July 30, 1996
Japanese Language Encoding
There are four major encodings to represent Japanese text. All of
these are based upon ASCII (for alphabetic text) and Japanese
Industrial Standard X0208 (JIS X0208), but the data is stored in
different ways. An "octet" is an 8-bit data quantity, often
incorrectly called a "byte" or "character".
- (1) JIS7, also called "ISO-2022-JP" or (incorrectly) "JIS"
This is the encoding in which mail is transmitted. All of the
octets are 7-bit. A three-octet sequence using the ESC code
is used to switch between English (ASCII) and Japanese (JIS).
- (2) JIS8
This is a rarely-used variant of EUC. All of the octets are
8-bit.
- (3) S-JIS, also called "Shift JIS"
This is the encoding used on PCs and Macs. All of the octets
are 8-bits.
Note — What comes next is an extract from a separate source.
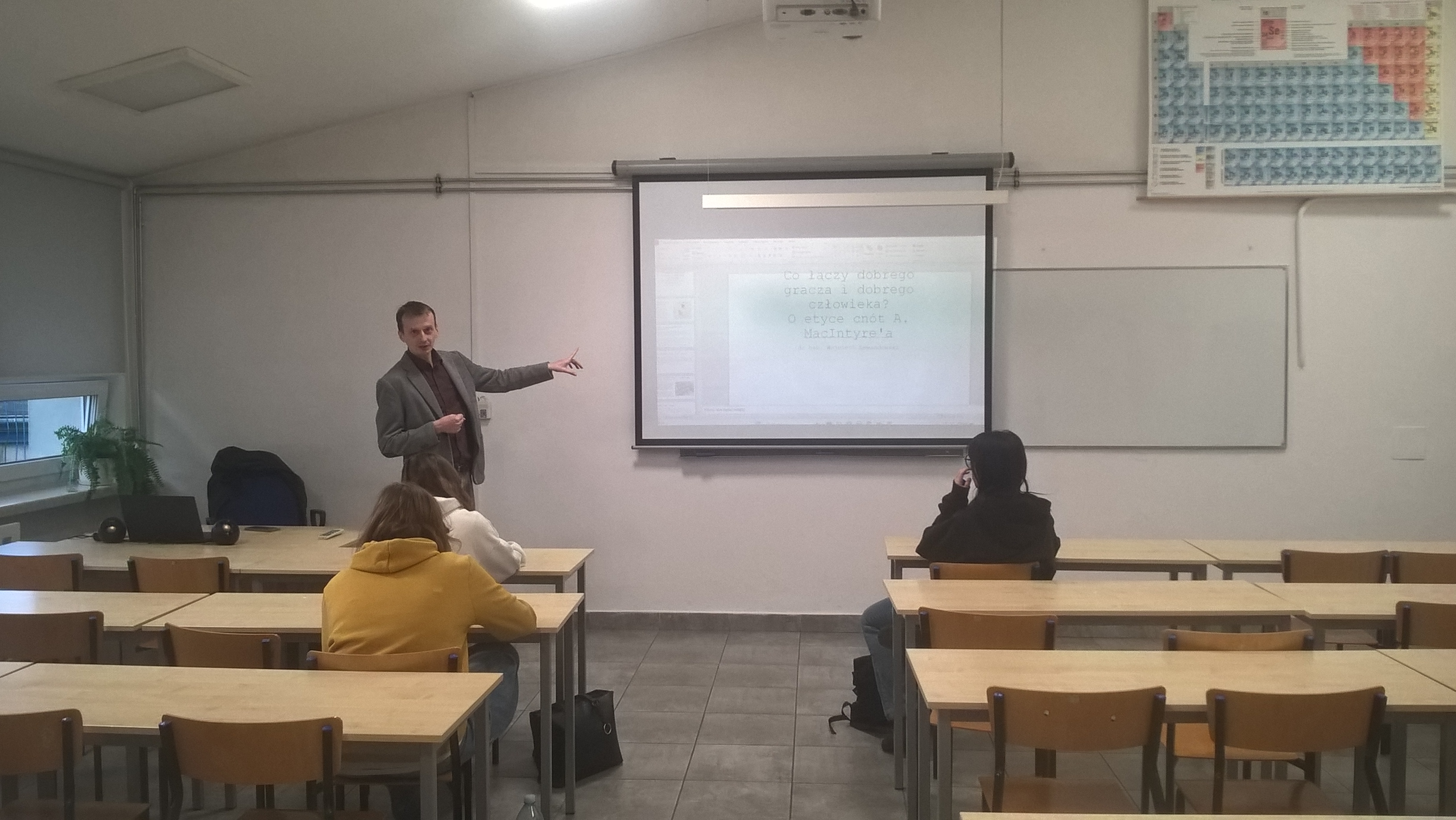 22 października br. w naszej szkole gościliśmy prof. Wojciecha Lewandowskiego z Katedry Etyki KUL, który wygłosił wykład poświęcony współczesnej etyce cnót według koncepcji Alasdaira MacIntyre’a. Spotkanie odbyło się w ramach współpracy PLSP z Wydziałem Filozofii KUL, a wzięli w nim udział uczniowie uczestniczący w zajęciach z etyki.

If the most significant bit of an octet is off,
the other 7-bits represent an ASCII character. If the most
significant bit of an octet is on, the other 7-bits are half
of a 14-bit shifted JIS character. Shifted JIS splits JIS
into two segments. The old 1970s single-octet katakana (also
called "half-width katakana") is inserted in the between the
two segments.
- (4) EUC, also called "Extended Unix Code"
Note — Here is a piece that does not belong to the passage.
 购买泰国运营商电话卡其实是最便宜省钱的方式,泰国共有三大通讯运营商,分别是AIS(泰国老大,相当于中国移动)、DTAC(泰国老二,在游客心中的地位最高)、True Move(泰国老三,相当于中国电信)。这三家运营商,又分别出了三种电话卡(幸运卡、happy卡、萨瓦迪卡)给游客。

This is the encoding used on Unix systems. All of the octets
are 8-bits. If the most significant bit of an octet is off,
the other 7-bits represent an ASCII character. If the most
significant bit of an octet is on, the other 7-bits are half
of a 14-bit JIS character.
There is no shifting. EUC can support extensions (such as JIS
X0212) but not half-width katakana.
It is very easy to translate between JIS7 and EUC. With a little more
work, it is also possible to translate between S-JIS and JIS7 and EUC.
It is also possible, by examining the data, to determine whether it is
JIS7, S-JIS, or EUC. JIS8 is ambiguous but fortunately it is rare
enough that you needn't worry about it.